Each sleeve is equipped with four vibrating devices similar to those found on cellular telephones. This means that the vibration is felt around the arm’s circumference. Should one vibrating device fail, the others will continue to perform.
Currently, the sleeves allow either wing to drop five degrees before the vibration is activated but the tolerance can be changed if the Solar Impulse team determines that a different value is necessary.
OMEGA’s Solar Impulse Landing Light System
OMEGA had contributed the test bench to the Solar Impulse project and was considering other technological features it might offer. The engineers wanted to offer a system of landing lights but were given an interesting challenge: the Solar Impulse project team said that the entire landing light system could not weigh more than two kilograms!
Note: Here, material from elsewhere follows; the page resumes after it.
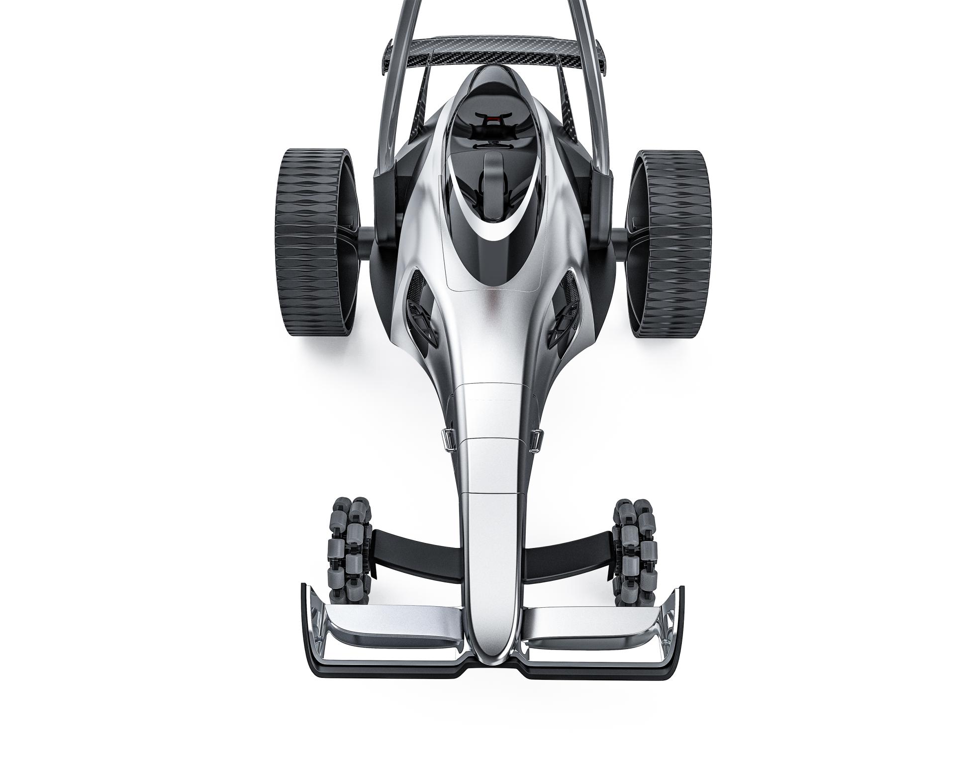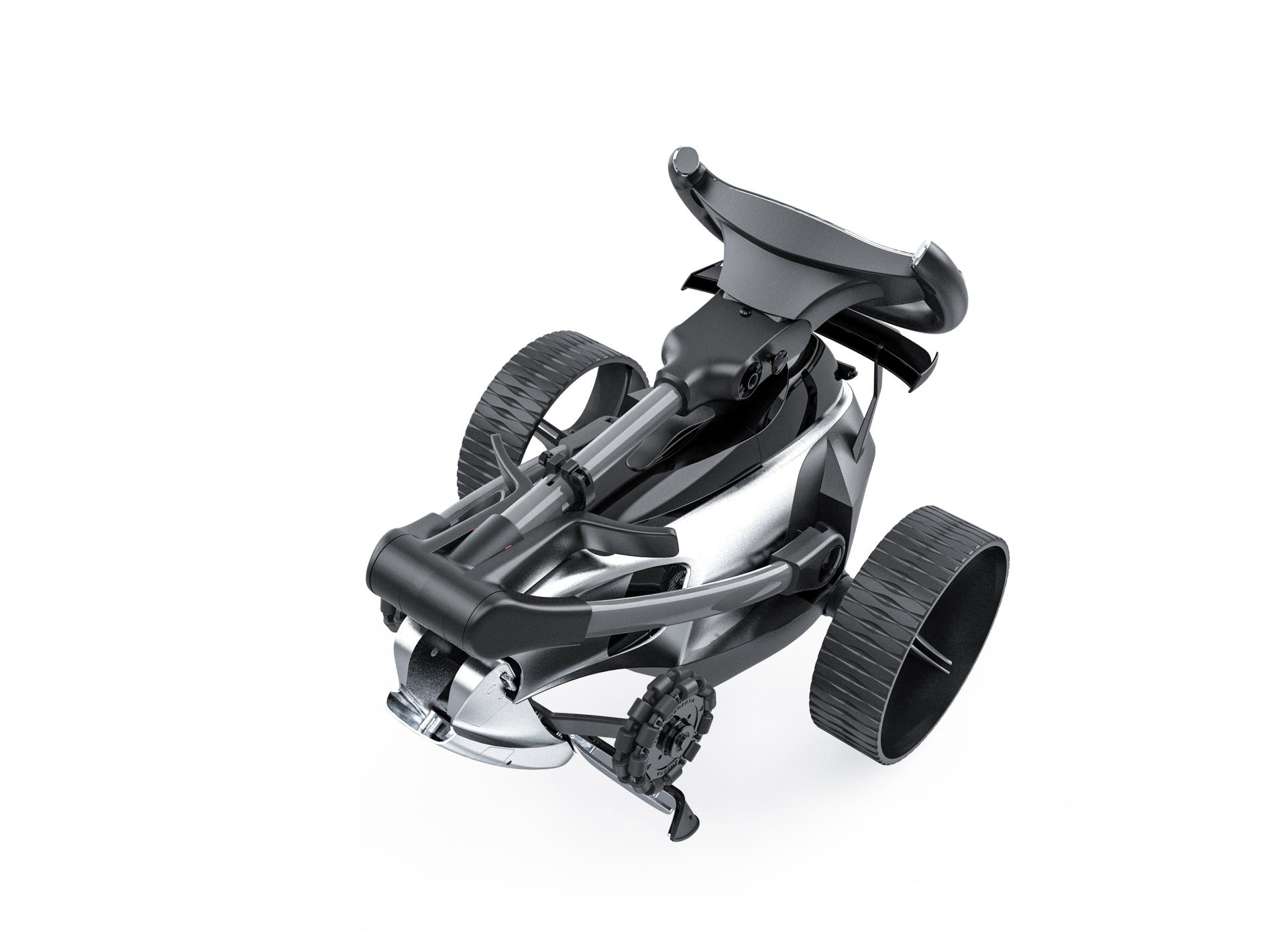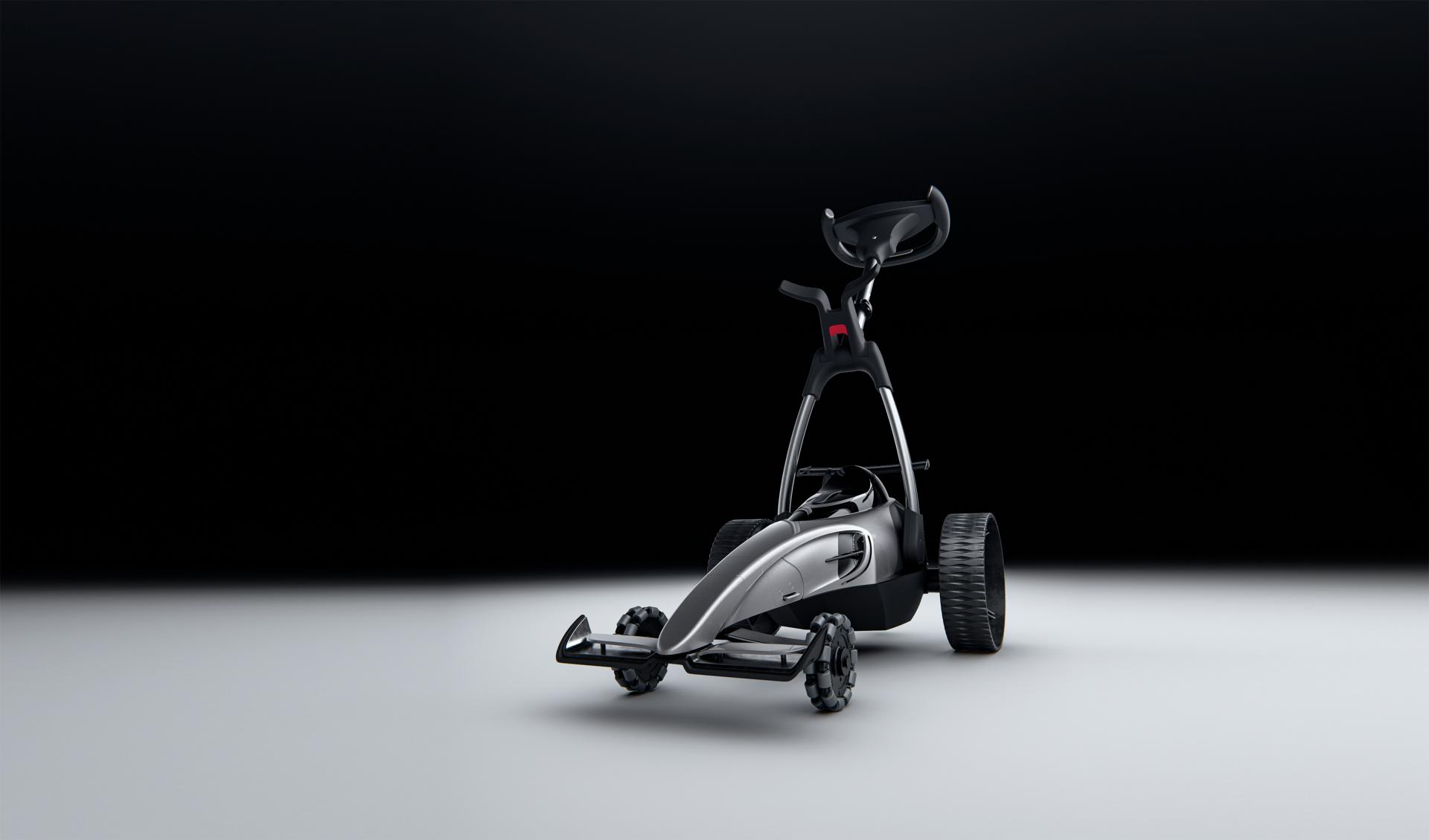 Eagle F1 is a smart golf cart inspired by Formula 1 cars. It boasts a forward-leaning, streamlined body that exudes a dynamic, ready-to-move stance, with a steering-wheel-inspired handle for intuitive operation. Its matte silver finish, accented with glossy details, creates a striking visual contrast that makes the cart full of speed and technology even at rest.

The OMEGA team managed to create a system which delivers an astonishing watts per weight ratio. On each wing is a set of LED landing lights whose brightness is amplified by a correlation lens. Additional sets of “promotional” lights are positioned along each wing. The lights are all protected by very strong windows which are made from the same resilient plastic used in Swatch watches. Altogether, the landing and promotional lights, their windows, the power transformer and connectors and the wiring weigh about 1.998 kilograms.
As a result, the Solar Impulse’s runway is illuminated, the pilot’s safety is enhanced and the promotional lights create an impressive aesthetic effect – all in a package weighing less than two kilograms.